**HOW TO COMPLETE THIS TASK:**
Nothing but the lines below from the one with "When you create" through the one with "Masih dalam masa" should be output, each exactly as given, and no pictures.

**EXTRACTED MATERIAL:**

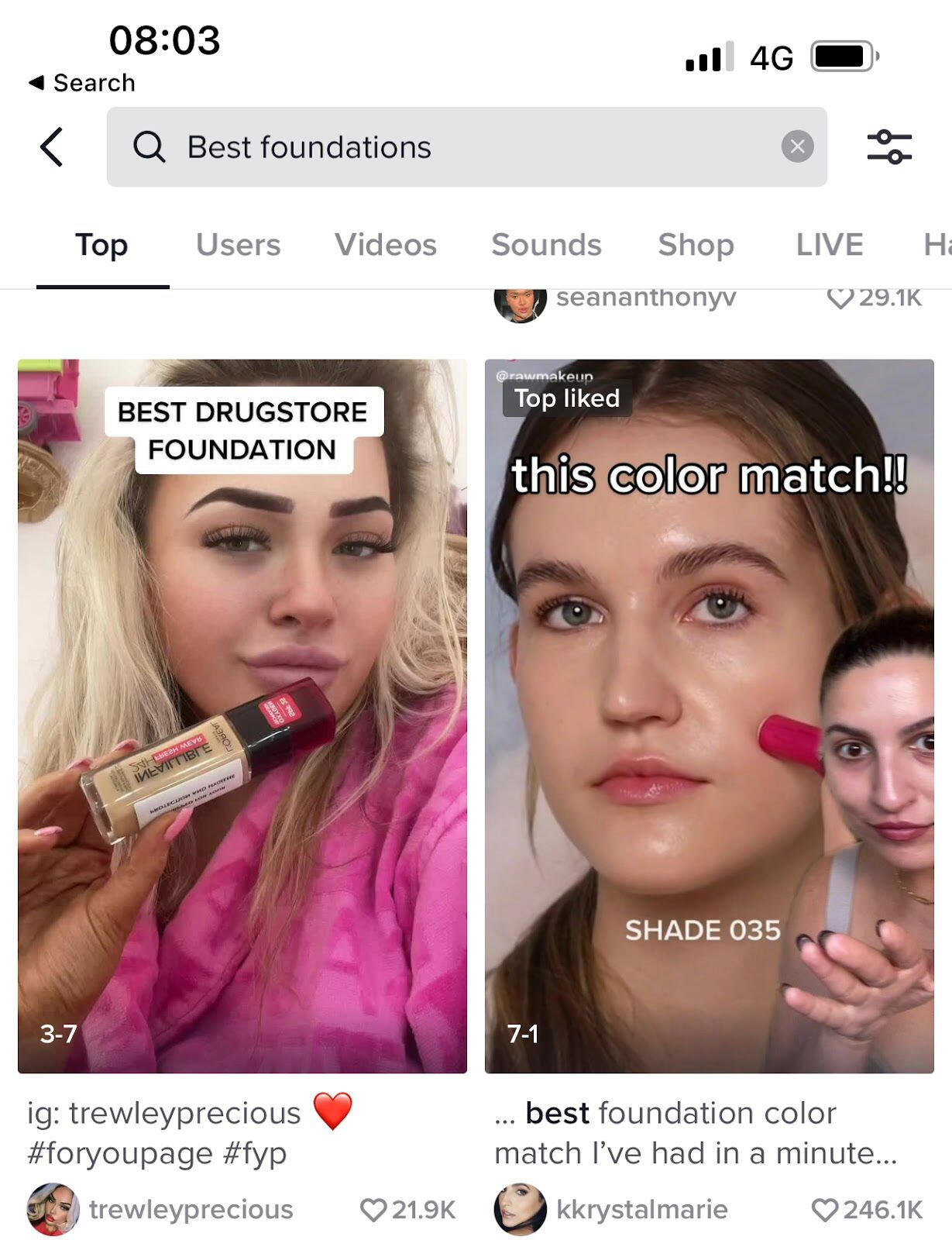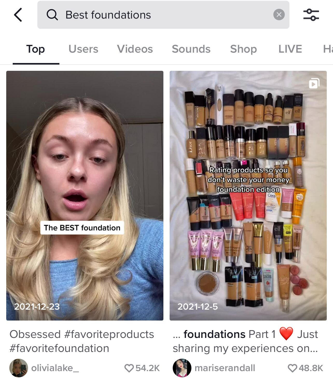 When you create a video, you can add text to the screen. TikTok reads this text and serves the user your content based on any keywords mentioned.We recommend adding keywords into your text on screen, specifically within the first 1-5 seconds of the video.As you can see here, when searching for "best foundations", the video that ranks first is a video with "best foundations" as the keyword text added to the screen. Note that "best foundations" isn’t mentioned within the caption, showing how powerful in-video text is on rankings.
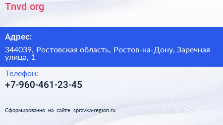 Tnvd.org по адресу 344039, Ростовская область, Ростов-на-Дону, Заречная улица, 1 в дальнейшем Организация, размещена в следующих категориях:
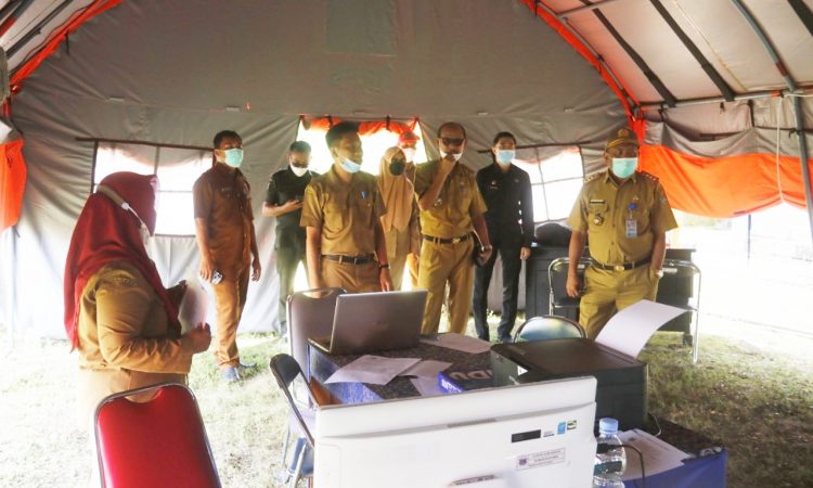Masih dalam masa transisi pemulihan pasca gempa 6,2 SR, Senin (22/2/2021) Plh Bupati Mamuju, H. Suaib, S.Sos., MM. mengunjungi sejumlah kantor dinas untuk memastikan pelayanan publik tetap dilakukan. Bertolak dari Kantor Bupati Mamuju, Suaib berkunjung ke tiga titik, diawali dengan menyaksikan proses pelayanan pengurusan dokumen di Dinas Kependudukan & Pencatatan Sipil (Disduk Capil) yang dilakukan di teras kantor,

* * *

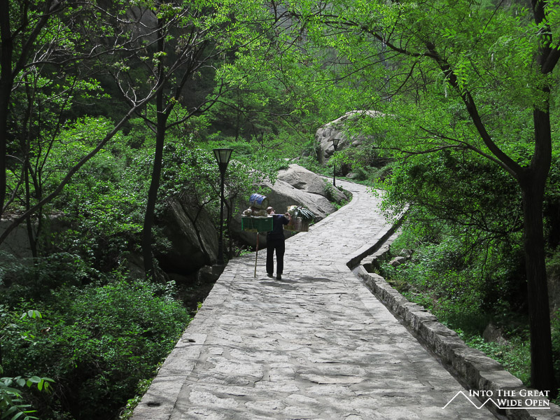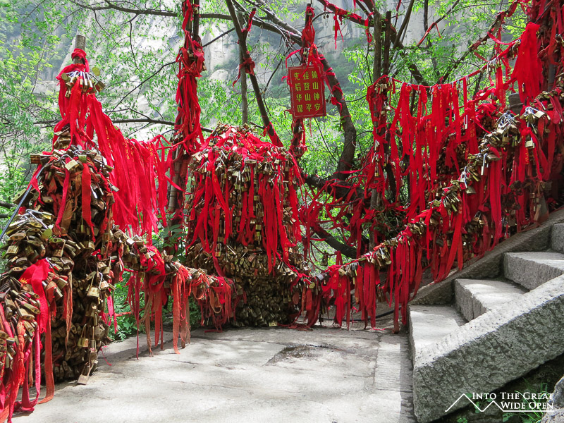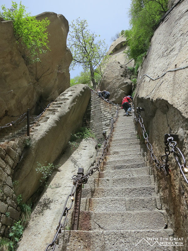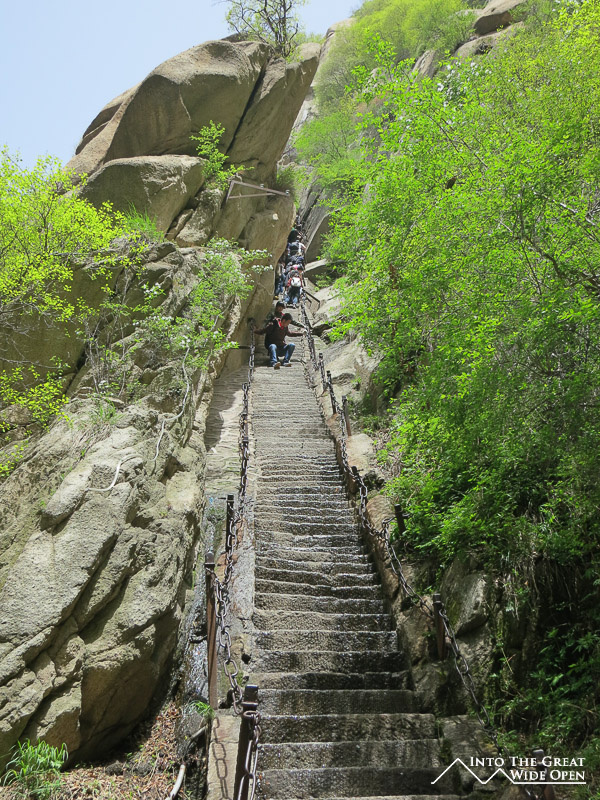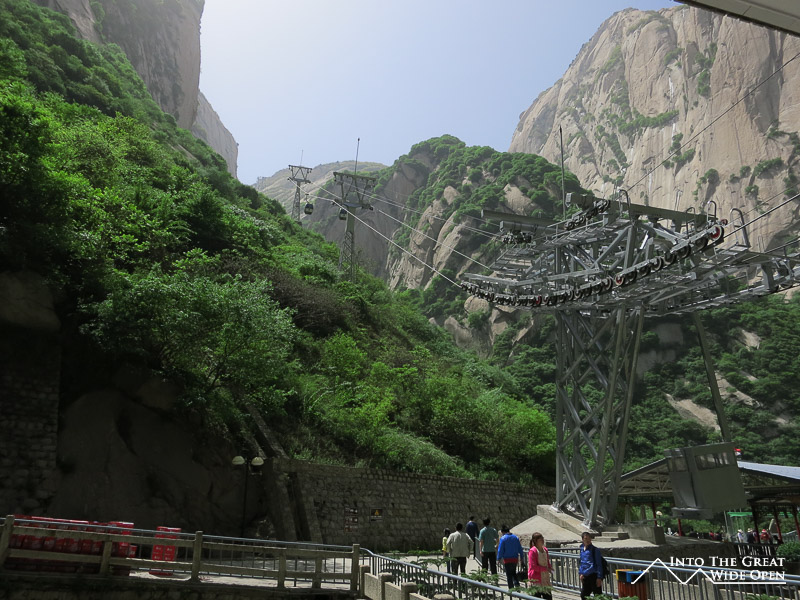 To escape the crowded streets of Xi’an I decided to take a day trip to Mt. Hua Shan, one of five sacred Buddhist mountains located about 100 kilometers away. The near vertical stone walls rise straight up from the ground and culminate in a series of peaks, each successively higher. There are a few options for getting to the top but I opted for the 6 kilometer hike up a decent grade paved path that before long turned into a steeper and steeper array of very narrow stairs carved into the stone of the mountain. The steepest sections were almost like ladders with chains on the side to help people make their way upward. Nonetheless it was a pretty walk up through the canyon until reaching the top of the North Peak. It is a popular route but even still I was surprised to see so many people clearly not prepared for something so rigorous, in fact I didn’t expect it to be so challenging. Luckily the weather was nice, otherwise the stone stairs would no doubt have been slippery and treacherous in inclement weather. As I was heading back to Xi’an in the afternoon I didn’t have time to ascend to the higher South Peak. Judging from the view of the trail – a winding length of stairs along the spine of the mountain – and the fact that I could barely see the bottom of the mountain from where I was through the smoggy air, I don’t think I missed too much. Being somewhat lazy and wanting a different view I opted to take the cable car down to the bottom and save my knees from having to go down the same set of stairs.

**SOLUTION:**
 When you create a video, you can add text to the screen. TikTok reads this text and serves the user your content based on any keywords mentioned.We recommend adding keywords into your text on screen, specifically within the first 1-5 seconds of the video.As you can see here, when searching for "best foundations", the video that ranks first is a video with "best foundations" as the keyword text added to the screen. Note that "best foundations" isn’t mentioned within the caption, showing how powerful in-video text is on rankings.
 Tnvd.org по адресу 344039, Ростовская область, Ростов-на-Дону, Заречная улица, 1 в дальнейшем Организация, размещена в следующих категориях:
Masih dalam masa transisi pemulihan pasca gempa 6,2 SR, Senin (22/2/2021) Plh Bupati Mamuju, H. Suaib, S.Sos., MM. mengunjungi sejumlah kantor dinas untuk memastikan pelayanan publik tetap dilakukan. Bertolak dari Kantor Bupati Mamuju, Suaib berkunjung ke tiga titik, diawali dengan menyaksikan proses pelayanan pengurusan dokumen di Dinas Kependudukan & Pencatatan Sipil (Disduk Capil) yang dilakukan di teras kantor,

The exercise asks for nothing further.